Andere Möglichkeit: Die Batch Funktion von Adobe Phostoshop. Da gibt es ein Videotutorial zu.


----------



## Kajotex (9. November 2003)

hab ich adope photoshop? Oo``
nein! :]


----------



## Retlaw (10. November 2003)

Batch-Dateien bestehen aus gespeicherten Konsolen-Befehlen, damit kannst du genau das machen was du in die Dos-Box eintippst, nur eben automatisch.

Aber es muss ja nicht gleich Adobe sein, andere Programme wie Paint Shop Pro z.B. haben auch so eine Funktion, einige davon gibts auch kostenlos oder als Testversion.


----------



## bergermi (2. Februar 2004)

Irfanview kann dies in einem Zug durchführen.

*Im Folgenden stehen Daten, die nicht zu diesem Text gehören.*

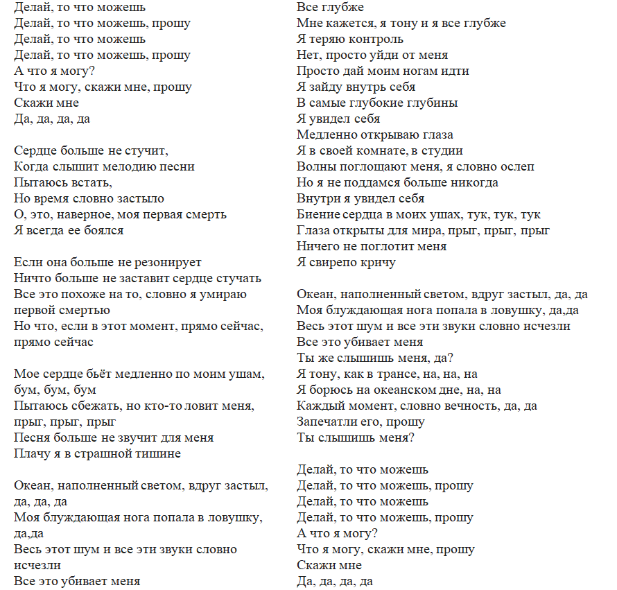 Занимайся своим делом, Занимайся своим делом, со мной. Занимайся своим делом, Занимайся своим делом, со мной. Чем является мое дело? Чем является мое дело, скажи мне? Скажи мне (да-да-да-да) (Эй) Они говорят ‘Сердце больше не бьется, Когда слышу, как играет музыка. Пытаюсь собраться. Кажется, будто время остановилось.’ О, это было бы моей первой смертью, Той, которой всегда боялся. Если это больше не вызывает чувств, Больше не заставляет сердце трепетать, То это может быть тем, как я впервые умру. Но что, если этот момент происходит сейчас? Прямо сейчас. Медленно пульсирующее сердцебиение отдается в ушах, Бум бум бум, Несмотря на то, что пытаюсь сбежать, снова падаю в пасть, Прыжок, прыжок, прыжок. Ни одна песня больше не действует на меня, Кричу, не издавая ни звука. Океан с полностью погасшими огнями (да-да-да) Хватает меня за мои блуждающие лодыжки, (да-да-да) Все звуки и шумы были отрезаны от меня. (да-да-да) Это убивает меня, убивает меня, Слышишь меня? (да) Медленно тону, будто я в трансе. (нет-нет-нет) Борюсь, но вокруг лишь дно океана. (нет-нет) Каждый момент растягивается в вечность. (да-да-да) Заснимите же это, заснимите это, Слышите меня? Занимайся своим делом, Занимайся своим делом, со мной. Занимайся своим делом, Занимайся своим делом, со мной. Чем является мое дело? Чем является мое дело, скажи мне? Скажи мне. (да-да-да-да) Глубже. Да, кажется, погружаюсь глубже. Продолжаю терять фокус, Нет, просто отпусти меня, Позволь моим ногам нести меня, Я сам зайду В самые глубины, И там я увидел себя. Медленно открываю глаза, Я в своем рабочем кабинете, Это моя студия. Суровые волны мрачно проходят мимо, Но снова им меня не затянуть, Внутри я увидел себя, самого себя. Медленно пульсирующее сердцебиение отдается в ушах, Бум, бум, бум. С широко раскрытыми глазами в этот лес я Прыгаю, прыгаю, прыгаю, Ничто не сможет поглотить меня. Я свирепо выкрикиваю: Океан с полностью погасшими огнями (да-да-да) Хватает меня за мои блуждающие лодыжки. (да-да-да) Все звуки и шумы были отрезаны от меня, (да-да-да) Это убивает меня, убивает меня, Слышишь меня? (да) Медленно тону, будто я в трансе. (нет-нет-нет) Борюсь, но вокруг лишь дно океана. (нет-нет) Каждый момент растягивается в вечность, (да-да-да) Заснимите же это, заснимите это, Слышите меня? (да) Занимайся своим делом, Занимайся своим делом, со мной. Занимайся своим делом, Занимайся своим делом, со мной. Чем является мое дело? Чем является мое дело, скажи мне? Скажи мне (да-да-да-да)

Dies ist ein Freeware Programm und kann im Batch Modus konvertieren, umwandeln, größen Ändern ......
Es ist so vielseitig das ich hier nicht alles aufschreiben kann.
Das ist der Link :
www.irfanview.com/


----------



## nightdancer (2. Februar 2004)

Paint Shop Pro 8 läßt sich mit Python scripten und gibts auch als Freeware ( http://www.jasc.com )


----------